To The Editor:
I don’t want to sound like Burt Lancaster in the Louis Malle 1980 film Atlantic City, but the news when I got here this year is that Busch’s, the granddaddy of the big seafood restaurants on this little stretch of barrier islands, is going to be knocked down in order to make way for more condos. Lancaster, playing a washed up former mob go-fer, is reminiscing with a young punk on the boardwalk about the glory days and says, “You should have seen the Atlantic Ocean back then.”
It was just five years ago that the owners of Busch’s, the fifth generation of the family to run the restaurant over its 128 consecutive years of operation, attempted in a press interview to put a stop to fears and rumors that the landmark restaurant was going to be sold or demolished: “There are no plans, not even a thought, of making Busch’s into condos.”
Well, the allegedly nonexistent thought is a reality and so are the condo blueprints, and it looks like the sixth generation of the family that was waiting in the wings, teenagers Logan and Tyler, already talented in art of cleaning crabs and stacking dishes, is now on the road to becoming something more generic, perhaps accountants or tax attorneys.
Coming to America, George and Anna Busch founded Busch’s on the southern end of this barrier island as a small hotel in 1882. That was just six years after Lt. Col. George Custer made the mistake of taking on the forces of Sitting Bull and Crazy Horse in the Battle of Little Big Horn.
What made Crazy Horse even crazier in that battle was the new flood of white prospectors heading westward following the discovery of gold on Sioux lands, producing a string of broken treaties and the corralling of previously freewheeling Indians onto reservations.

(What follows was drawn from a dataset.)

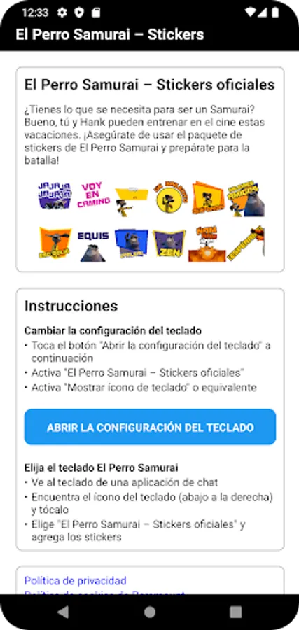 * Follow the instructions in the application to activate the "Samurai Dog – Official Stickers" keyboard in the settings.
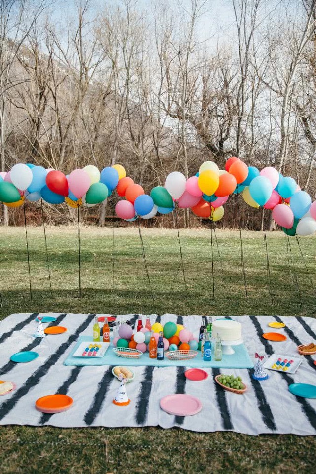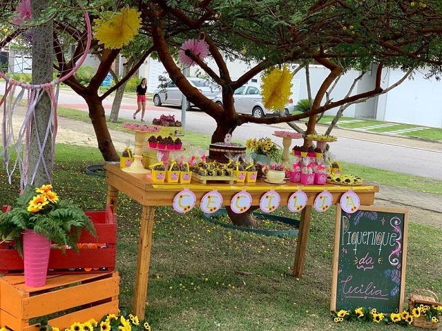 Para as comemorações que forem diurnas, uma boa alternativa é o piquenique! Capriche na decoração do seu quintal!

Speaking of things related to fire water, John Dougherty reported in Beachcomber magazine that it was George Busch’s brother Adolphus, similarly entrepreneurial, who headed farther west and joined the Anheuser Brewery, “becoming the ‘Busch’ in Anheuser-Busch.”
Adolphus rose through the ranks the smart way, by marrying the owner’s daughter. He wed Eberhard Anheuser’s daughter, Lilly, in 1861. To fully seal the deal, Adolphus’s brother married Lilly’s sister in the same service, providing Mr. Adolphus with two newly minted Busch sons-in-law on the same day.
Three years later, Adolphus began working at his father-in-law’s brewery. In 1880, he became president of the company upon Eberhard’s death that is today the largest brewing company in America.
In Sea Isle, so top secret is Busch’s recipe for deviled crab, the restaurant’s long-running signature dish, that the owners said several years ago that the recipe is so closely guarded that “no more than six people have used it in 90 years.” It’s like the Vatican’s covert archives.
The other big news is that we were sitting on our deck the last few weeks and watching 700,000 cubic yards of newly dredged sand being pumped onto our storm-damaged beach, at a cost per cubic yard of $7.02.
Reimbursement for three-quarters of that $4,914,000 price tag is supposed to come from state and federal governments, both of which are broke. It’s an expense that many environmentalists and my most doctrinaire libertarian friends aren’t happy about. Both say to let the ocean go where it wants. Easy to say if you don’t own a house on the beach or a boardwalk fudge shop.
In fishing news, stripers are biting like crazy on clams in the early morning surf. No BP oil yet.
RALPH R. REILAND
Pittsburgh, Pa.
(ED. NOTE: The author is an associate professor of economics at Robert Morris University in Pittsburgh and a columnist with the Pittsburgh Tribune-Review.)